= List of pseudoscientific water fuel inventions =

This article attempts to list pseudoscientific inventions wherein common water is used to either augment or generate a fuel to power an engine, boiler or other source of power. This is not to be confused with legitimate inventions (such as hydroelectricity) in which the kinetic energy of flowing water is used for power.

== Electrolysis ==
The electrolysis of water splits water into hydrogen and oxygen, producing a usable fuel, which, when burned, turns back into water. However, the energy required for electrolysis is greater than the energy released by burning this fuel, so this is not a viable way to manufacture energy. Nonetheless, several people have claimed to create devices that do exactly this.
- Stanley Meyer, who claimed to run a car on water in 1984.
- Charles Frazer, an inventor from Ohio who, in 1918 patented a hydrogen booster which claimed to use electrolysis to increase vehicle power and fuel efficiency while greatly reducing exhaust emissions.
- Daniel Dingel, a Filipino engineer who was involved in water fuel research since 1968. A video interview showed Dingel's Toyota Corolla with an on-board hydrogen water fuel generator. In 2008 he was given a 20-year sentence for fraud.

== Submerged gasification ==
Ruggero Maria Santilli's "Magnegas" recyclers, which use an underwater carbon arc to gasify bio-contaminated liquid into a clean-burning gas.

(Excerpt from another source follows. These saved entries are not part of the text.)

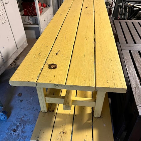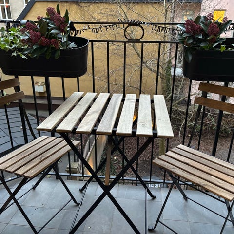 Bord 1,40 längd finns två skivor så man kan förlänga
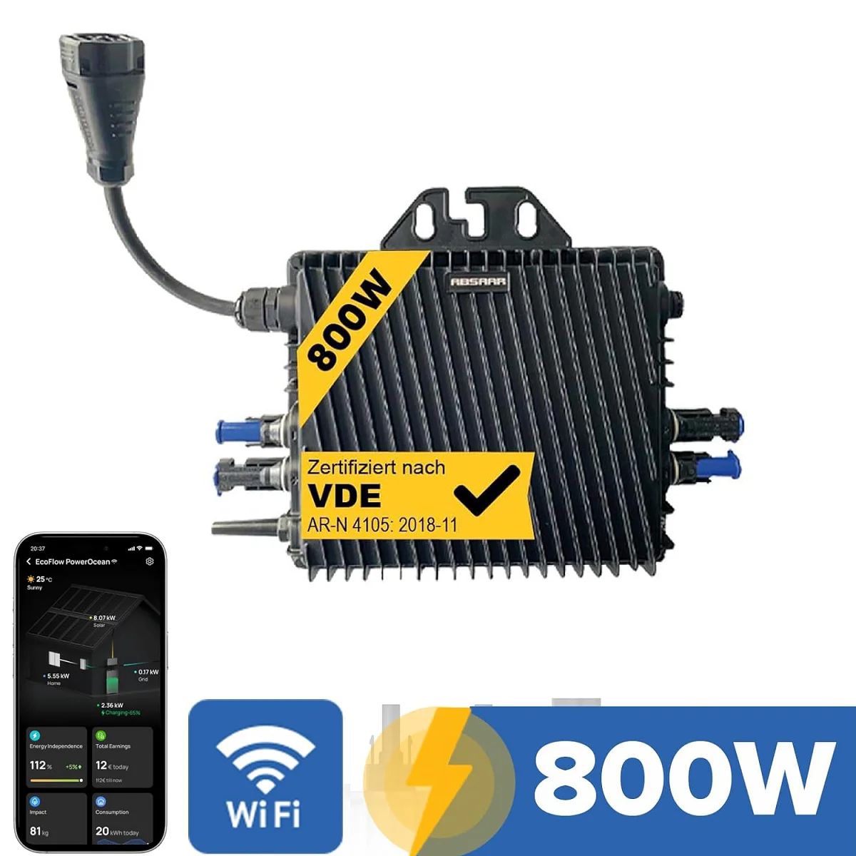 Micro onduleur 1200 W, onduleur solaire avec WLAN, étanche IP67, avec câble AC de 5 m p...
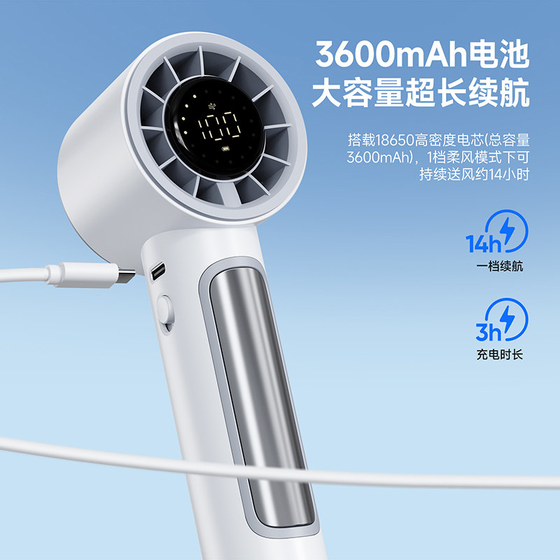 DUXDUCIS手持风扇涡轮小风炮便携式桌面高速强力劲风电扇USB充电随身降温迷你节能静音LED屏数字显示

== Transformative claims ==
Water is claimed to be transformed into a fuel itself, by the addition of some ingredient. This may be either a highly concentrated addition, or a catalyst (i.e. not consumed in use).
- Hongcheng Magic Liquid
- Gasoline pill

== See also ==
- Free energy suppression conspiracy theory
- Hydrogen fuel enhancement
- Perpetual motion
- Water-fuelled car
- Water injection (engines)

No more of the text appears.